Manly are plotting to storm Melbourne's fortress and seize the mantle as the NRL's new super powers in Friday night's heavyweight preliminary final at AAMI Park.
The decade's most dominant forces will collide in a high-stakes encounter, the reward a shot at premiership glory and bragging rights as the NRL's most successful club.
Renewing their bitter finals rivalry, Melbourne and Manly are clashing in the playoffs for the first time since the Storm belted the Sea Eagles 40-12 in the 2009 qualifying final.
A year earlier, Manly buried the Storm 40-0 in the 2008 title mismatch at ANZ Stadium to avenge a 34-8 loss to Melbourne in the 2007 decider.
Now the Eagles are bidding to become the NRL's first triple premiers while the Storm could have been seeking their fourth title if they had not had two stripped for salary cap cheating.
Fittingly, the sides have split their past 10 matches.
But while the Eagles hold an 8-5 edge in clashes in Sydney since the Storm entered the league in 1998, conquering Melbourne on home soil has proven an altogether different proposition.
Manly have won only twice in nine matches in Melbourne and lost their only previous clash at AAMI Park - in round one last year.
"It is tougher playing them down there," admitted star five-eighth Kieran Foran.
"They always turn up.
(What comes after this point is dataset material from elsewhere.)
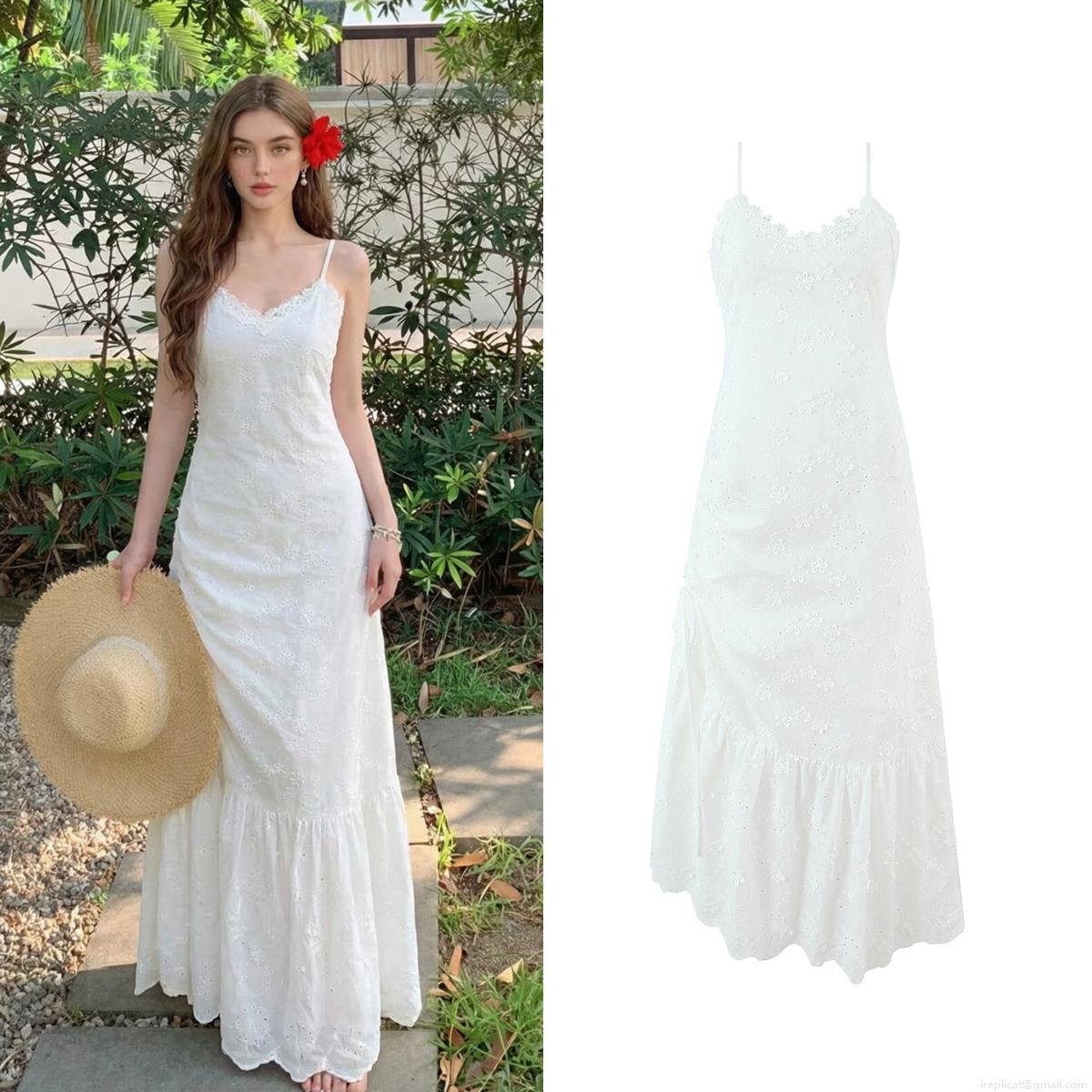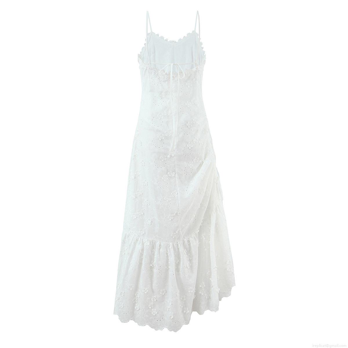 • Women's White 100% Cotton Embroidery Cami Midi Dress Sexy Hollow Out Lace Bohemian Vacation Sleeveless Ruffle Hem A-Line Dress

We're going to need to be at the top of our game."
Foran, 22, hasn't forgotten his finals debut in '09 - when the Storm ripped his side apart to end Manly's season before going on to win the premiership, which was later stripped for salary cap breaches.
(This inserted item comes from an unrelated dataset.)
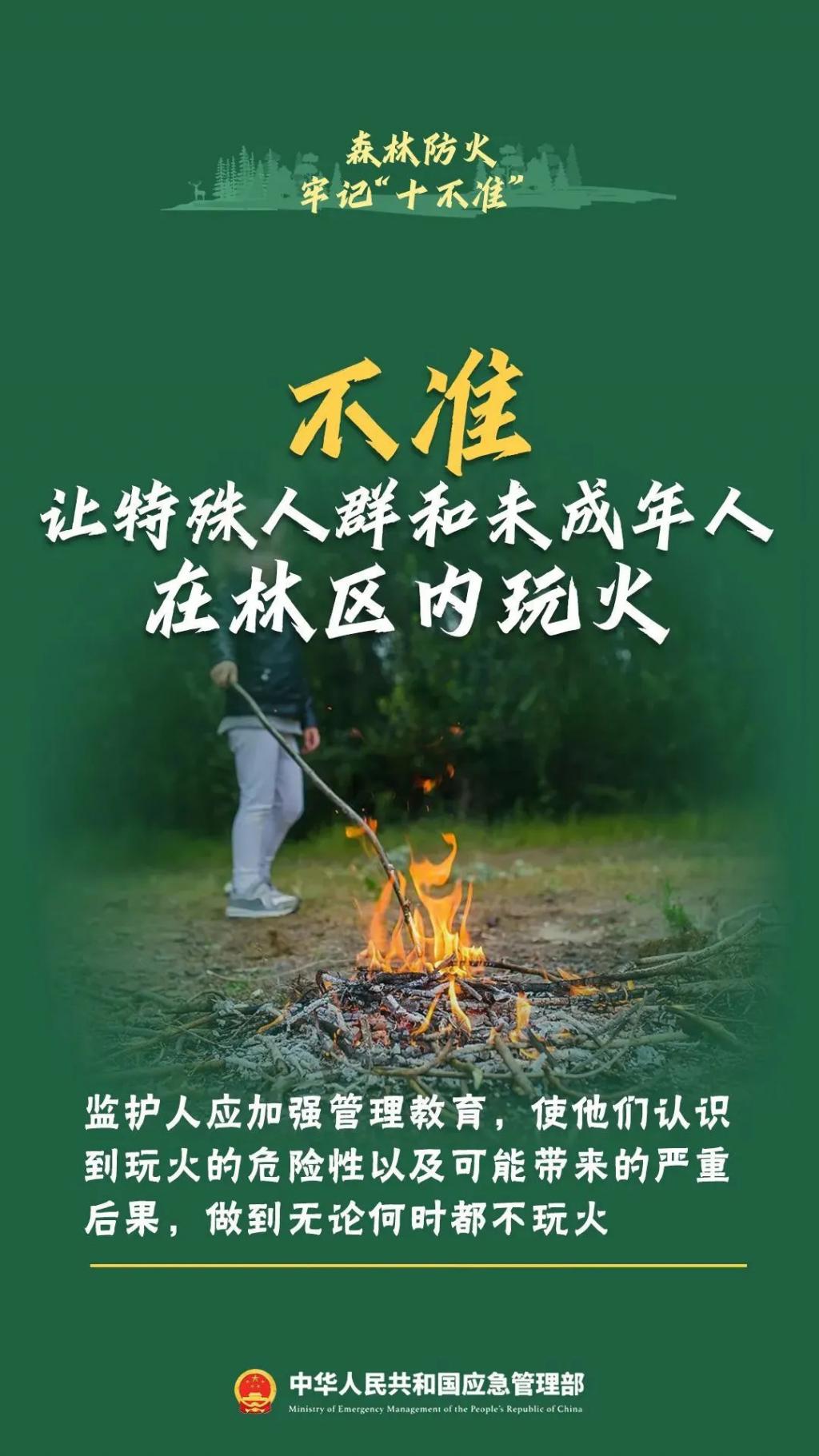 春季是森林火灾的高发期,森林防火,人人有责,增强防火安全意识,严格遵守防火规定,牢记森林防火 " 十不准 "。

But Sea Eagles skipper Jamie Lyon is confident of qualifying for the club's fourth grand final in six seasons - a tally to match the Storm's dream run from 2006-09 - and says they are relishing the challenge.
"We know it's going to be a tough ask going down there. It's always hard," Lyon said.
"But if you want to be the No.1 team, you've got to beat everyone and we can't wait."
While Lyon completed the entire game after being in doubt for last Friday night's 22-12 semi-final win over North Queensland, his co-captain Jason King is a new fitness concern after lasting only 27 minutes before succumbing to a shoulder injury.